I’m sorry but the youtube clips didn’t do much to address my questions regarding AR models. I guess im trying to visualize the process by thinking about the regression using say AR(1) against a time series of data. What would go on the x and y axes ? Is the x-axis the lagged values and the y-axis the current. If for example, the question says you have a 40 observations, would these historical outcomes be graphed first and then the model applied against the data ?? If so, how can an AR(1) model be used if you’re really looking at 40 historical/lagged outcomes…wouldn’t you have to use AR(40) ? How is a relationship (slope) established for any particular t-p? Would an AR(1) regression only compare the current and immediately preceding variable, and the slope is based on that line? If so, do you even need the other prior 39 data points ? But then again, you don’t know the current value… Is it like any other time series but the indep variable is a lagged value and not just time? Sorry guys! I feel like i know this but i refuse to accept it and am just confusing myself.

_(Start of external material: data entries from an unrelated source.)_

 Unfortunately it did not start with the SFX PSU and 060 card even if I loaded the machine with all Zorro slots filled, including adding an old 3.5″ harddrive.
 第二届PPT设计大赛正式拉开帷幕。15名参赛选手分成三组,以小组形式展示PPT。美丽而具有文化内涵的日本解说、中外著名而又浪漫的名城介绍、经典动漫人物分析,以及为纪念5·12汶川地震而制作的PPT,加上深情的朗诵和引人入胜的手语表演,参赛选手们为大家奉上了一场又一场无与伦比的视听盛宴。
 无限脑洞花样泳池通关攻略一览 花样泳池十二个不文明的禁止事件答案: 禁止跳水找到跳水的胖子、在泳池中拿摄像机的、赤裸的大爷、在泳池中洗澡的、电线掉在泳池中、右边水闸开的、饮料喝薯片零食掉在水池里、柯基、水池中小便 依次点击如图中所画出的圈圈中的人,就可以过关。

BMiller12 You are confused. Here is an example, say a series of 8 data points. -0.3002 -1.2777 0.2443 1.2765 1.1984 1.7331 -2.1836 You want to run an autocorrelation, and want to test AR(1), so you run this data pair series of 7 pairs Y X -0.3002 -1.2777 -1.2777 0.2443 0.2443 1.2765 1.2765 1.1984 1.1984 1.7331 1.7331 -2.1836 Just like you would with any X Y data series, e.g., this AR(1) has a correlation of -0.03. You seems to be confused over the term: AR(1) means the series compared to itself with ONE time lagged (here all of 7 data points compared to itself lagged one time period), NOT ONE data point with another datapoint (e.g., the last data point with the second to last), therefore it is NOT called AR(8) as you seem to be calling it. Just to make it clearer, AR(2) would be Y X -0.3002 0.2443 -1.2777 1.2765 0.2443 1.1984 1.2765 1.7331 1.1984 -2.1836

elcfa, that is awesome. Great examples! I really do appreciate it. I was having trouble understanding how the data formed pairs (x,y) and I was further treating each observation as an indep variable or lag, when its the lag (time) between the data points that each indep variable is based on (hence my confusion wanting to call a problem with 40 observations AR(40)). It seems so obvious and intuitive now, thanks again! I guess one quick last question: Does each additional lagged indep variable (increasing the order), impact the slope and intercept of the preceding order - like when you add additional indep variables to a multiple regression model, they have a net effect on the preceding indep variable’s measurement ?? Many thanks!

Adding more n normally does improve the accuracy, but not always. An example in case, for a perfect seasonal data series where you have repeated sales cycle (e.g, a sinus sales curve with sales (Jan this yr) =sales (Jan last yr), sales (Feb this yr) =sales (Feb last yr), the obvious perfect forecast would be AR(12), but if you start from AR(1) to AR(12), you’ll see the adjusted R2 vary significantly. In reality, you don’t add them indiscriminately. You would try first to see which coefficients are most significant, then try to see those coefficients make sense (based on the nature of the data), then try to run different combos and choose one model both make most sense and highest mathematical accuracy.